> **TASK PROMPT**
Exact repetition of a range: find the line containing "Snade Burn rushes" and the line containing "Tattooed Girls Stretches" in the material below, then repeat both and all lines between them, leaving pictures out.

> **RECORDS PROVIDED**
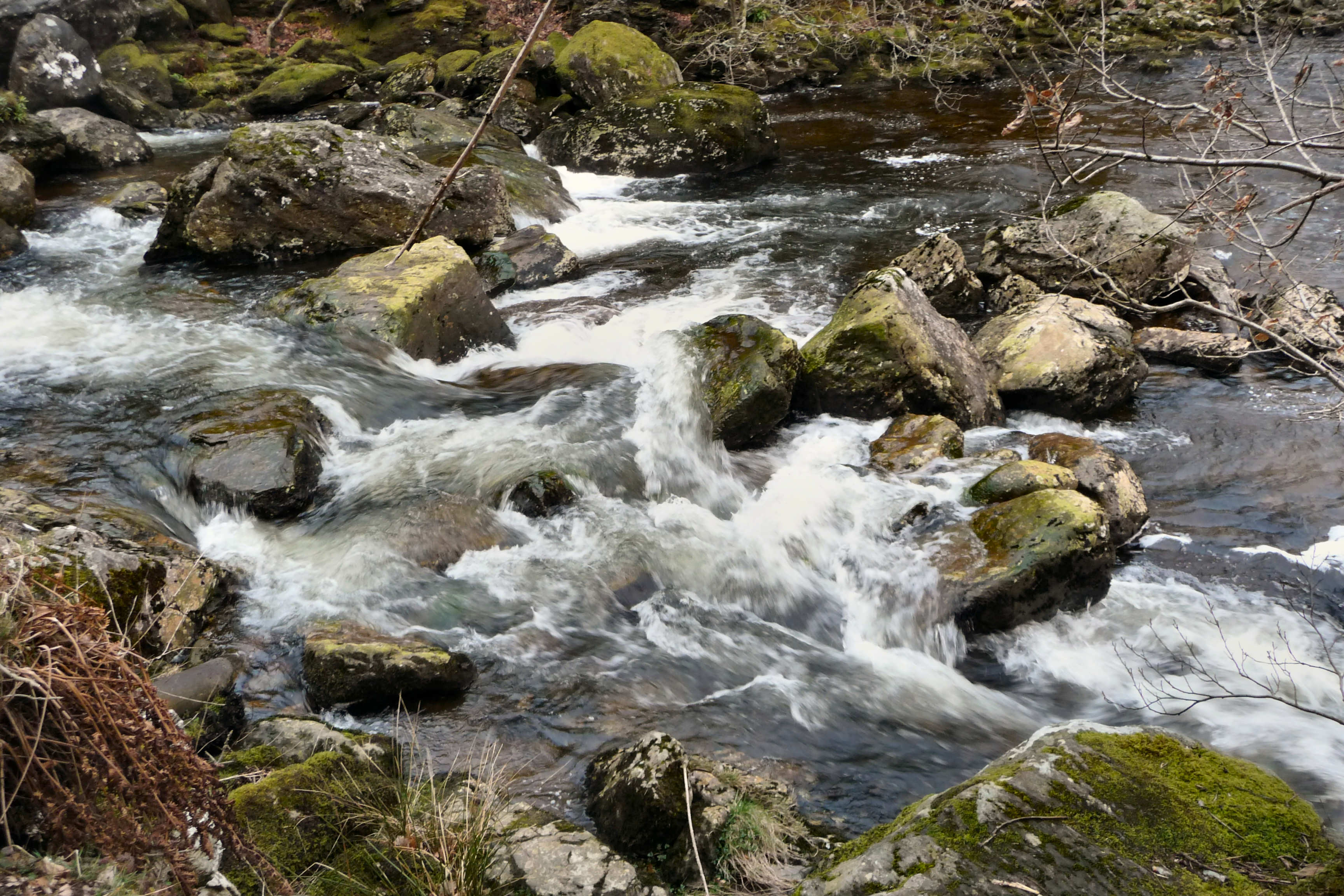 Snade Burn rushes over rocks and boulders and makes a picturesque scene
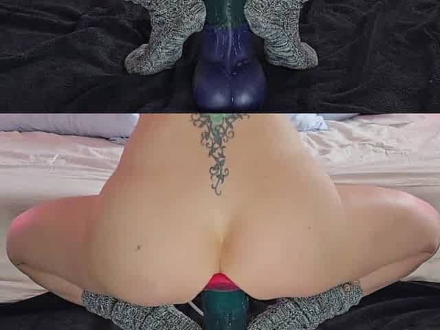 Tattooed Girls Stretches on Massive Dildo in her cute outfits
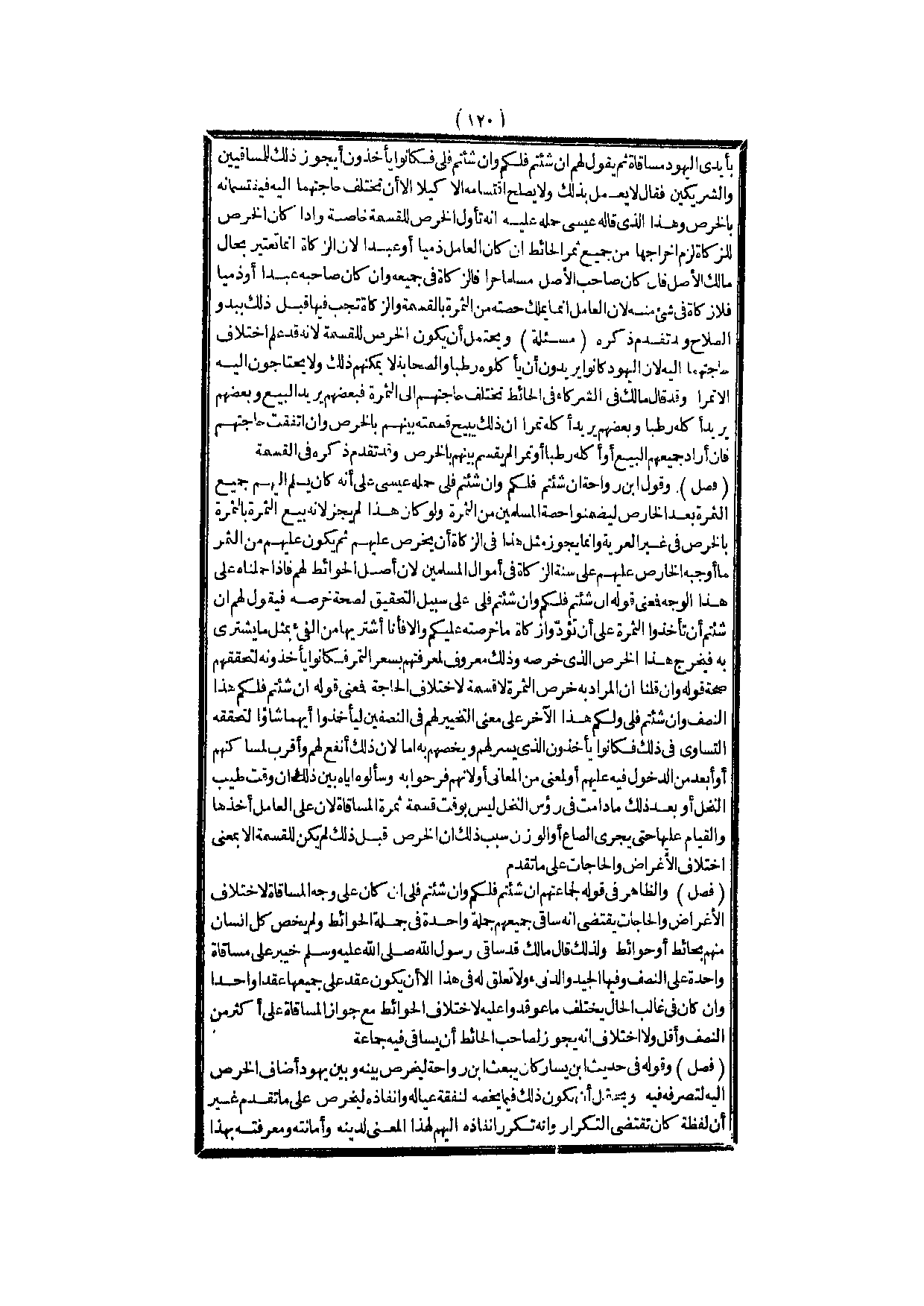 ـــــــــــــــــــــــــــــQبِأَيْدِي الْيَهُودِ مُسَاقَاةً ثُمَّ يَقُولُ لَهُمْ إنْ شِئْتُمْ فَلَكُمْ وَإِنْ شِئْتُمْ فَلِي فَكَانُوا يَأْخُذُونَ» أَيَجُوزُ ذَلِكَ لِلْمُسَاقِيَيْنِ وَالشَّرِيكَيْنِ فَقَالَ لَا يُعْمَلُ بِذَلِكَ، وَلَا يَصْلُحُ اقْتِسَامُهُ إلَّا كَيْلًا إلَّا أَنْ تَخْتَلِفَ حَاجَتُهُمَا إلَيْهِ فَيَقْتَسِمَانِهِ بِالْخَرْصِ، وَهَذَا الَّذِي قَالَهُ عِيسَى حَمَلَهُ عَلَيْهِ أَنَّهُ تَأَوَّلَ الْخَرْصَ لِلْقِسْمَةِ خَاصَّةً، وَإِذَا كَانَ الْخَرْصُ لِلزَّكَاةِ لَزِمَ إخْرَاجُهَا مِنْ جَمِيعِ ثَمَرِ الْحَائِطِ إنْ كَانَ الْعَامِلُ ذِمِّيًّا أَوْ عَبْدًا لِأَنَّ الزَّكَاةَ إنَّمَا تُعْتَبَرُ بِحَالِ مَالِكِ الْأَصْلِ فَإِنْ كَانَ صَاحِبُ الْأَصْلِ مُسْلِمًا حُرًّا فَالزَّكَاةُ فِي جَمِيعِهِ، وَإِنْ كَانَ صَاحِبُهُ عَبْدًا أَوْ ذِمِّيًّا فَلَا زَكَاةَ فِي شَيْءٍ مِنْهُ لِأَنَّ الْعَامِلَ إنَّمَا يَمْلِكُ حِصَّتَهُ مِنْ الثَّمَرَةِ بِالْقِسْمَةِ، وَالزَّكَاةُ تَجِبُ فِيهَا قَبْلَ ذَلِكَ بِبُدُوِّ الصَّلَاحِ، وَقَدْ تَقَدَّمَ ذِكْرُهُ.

--

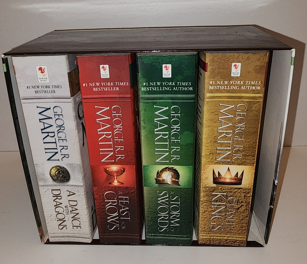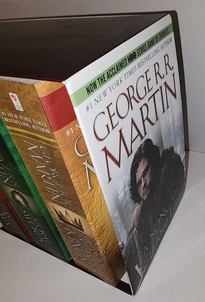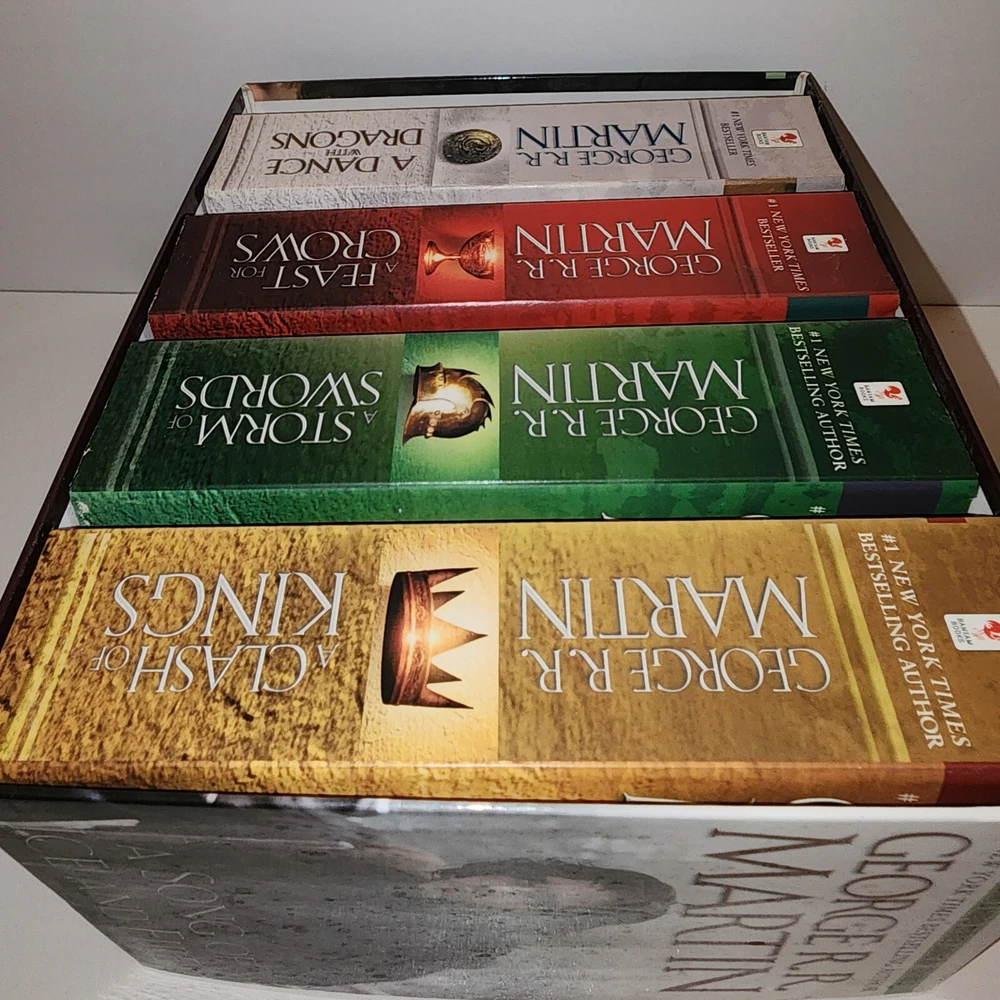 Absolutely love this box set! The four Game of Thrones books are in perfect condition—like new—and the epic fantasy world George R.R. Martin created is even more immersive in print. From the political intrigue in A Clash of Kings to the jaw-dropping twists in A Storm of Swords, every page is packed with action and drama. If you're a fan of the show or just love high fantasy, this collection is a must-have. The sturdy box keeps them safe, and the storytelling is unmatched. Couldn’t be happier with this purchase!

> **RESPONSE AREA**
 Snade Burn rushes over rocks and boulders and makes a picturesque scene
 Tattooed Girls Stretches on Massive Dildo in her cute outfits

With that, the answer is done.